*What is expected*
Begin the copy at the line containing "Giày bata cũng" and end it at the final line of the material below, reproducing each line exactly, without images.

*Raw data*
____________________
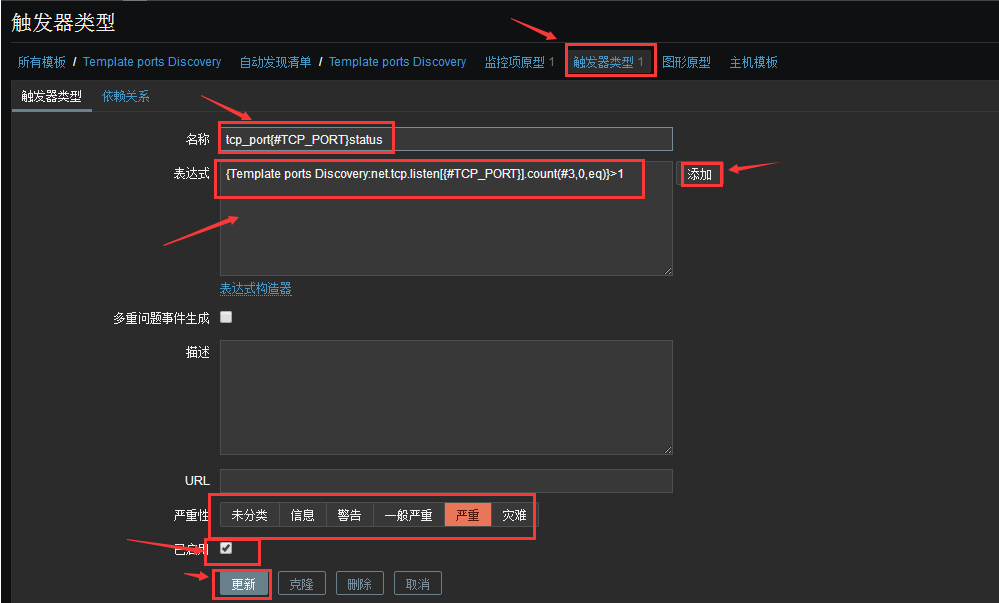 注意這里的表態(tài)示count(#3,0,eq) > 1表示最近3次的返回值為0,這個(gè)條件觸發(fā)一次則報(bào)警.
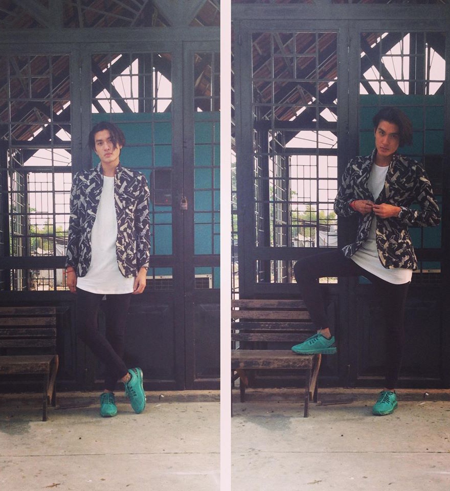 Giày bata cũng thuộc sở trường của nam người mẫu khi anh sử dụng nhiều trong thời gian gần đây. Những đôi giày màu sắc thể hiện sự tươi trẻ và cá tính của chàng người mẫu 22 tuổi.
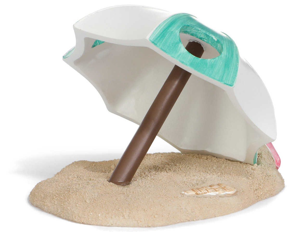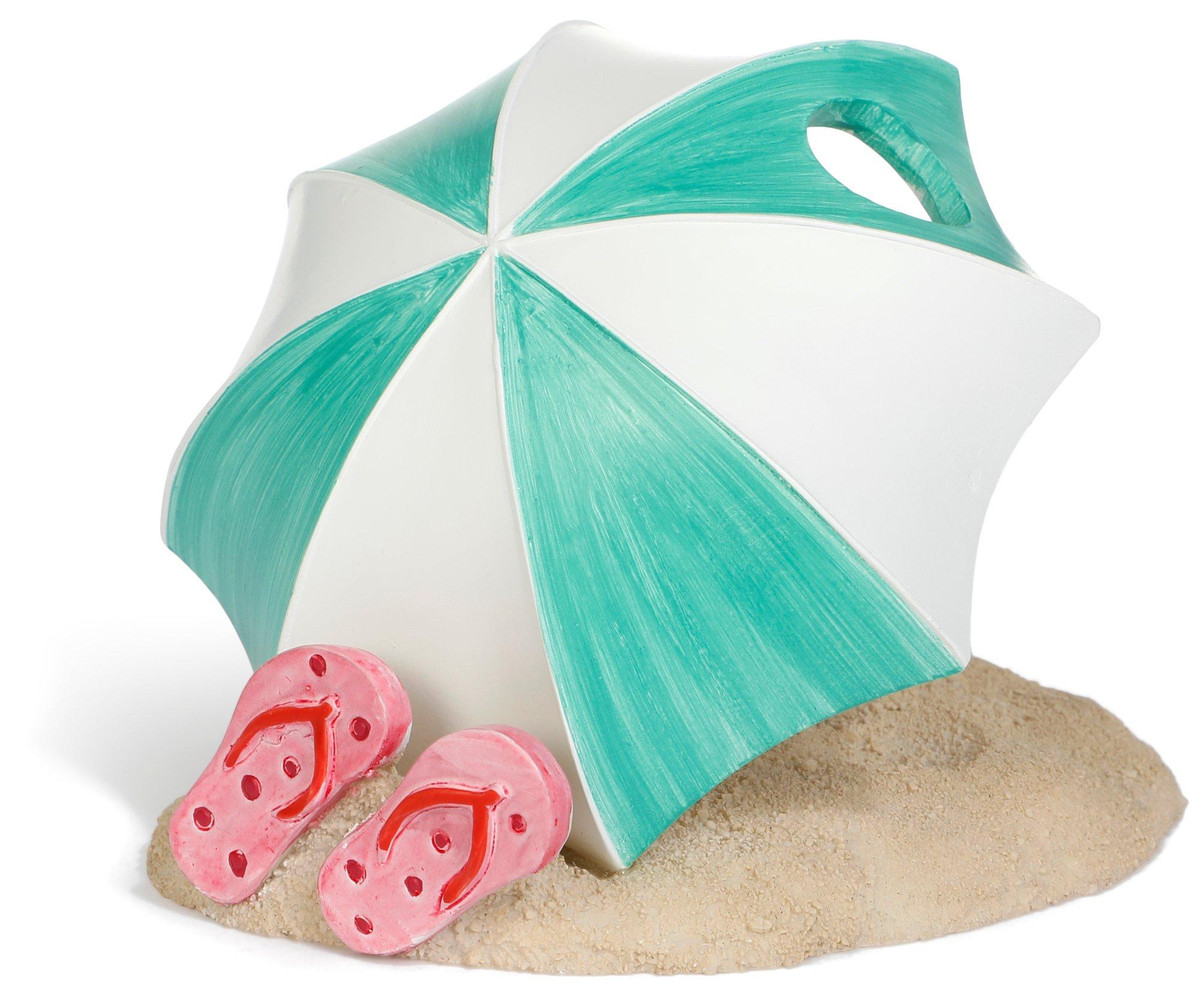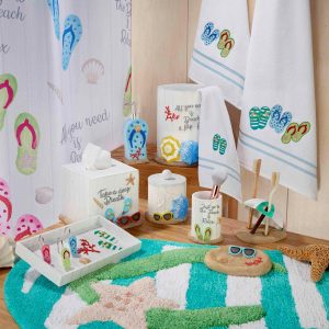 The Avanti Beach Mode Collection Toothbrush Holder adds a coastal touch with its green and white umbrella set in a sand base, featuring pink flip-flops and a fan shell. Crafted from durable, hand-painted resin, it holds up to four toothbrushes while complementing beach-inspired décor. Complete the look with matching accessories. You can find more details Measures 4.25 in. L x 4.25 in. W x 5.0 in. H
____________________
*Your solution*
 Giày bata cũng thuộc sở trường của nam người mẫu khi anh sử dụng nhiều trong thời gian gần đây. Những đôi giày màu sắc thể hiện sự tươi trẻ và cá tính của chàng người mẫu 22 tuổi.
 The Avanti Beach Mode Collection Toothbrush Holder adds a coastal touch with its green and white umbrella set in a sand base, featuring pink flip-flops and a fan shell. Crafted from durable, hand-painted resin, it holds up to four toothbrushes while complementing beach-inspired décor. Complete the look with matching accessories. You can find more details Measures 4.25 in. L x 4.25 in. W x 5.0 in. H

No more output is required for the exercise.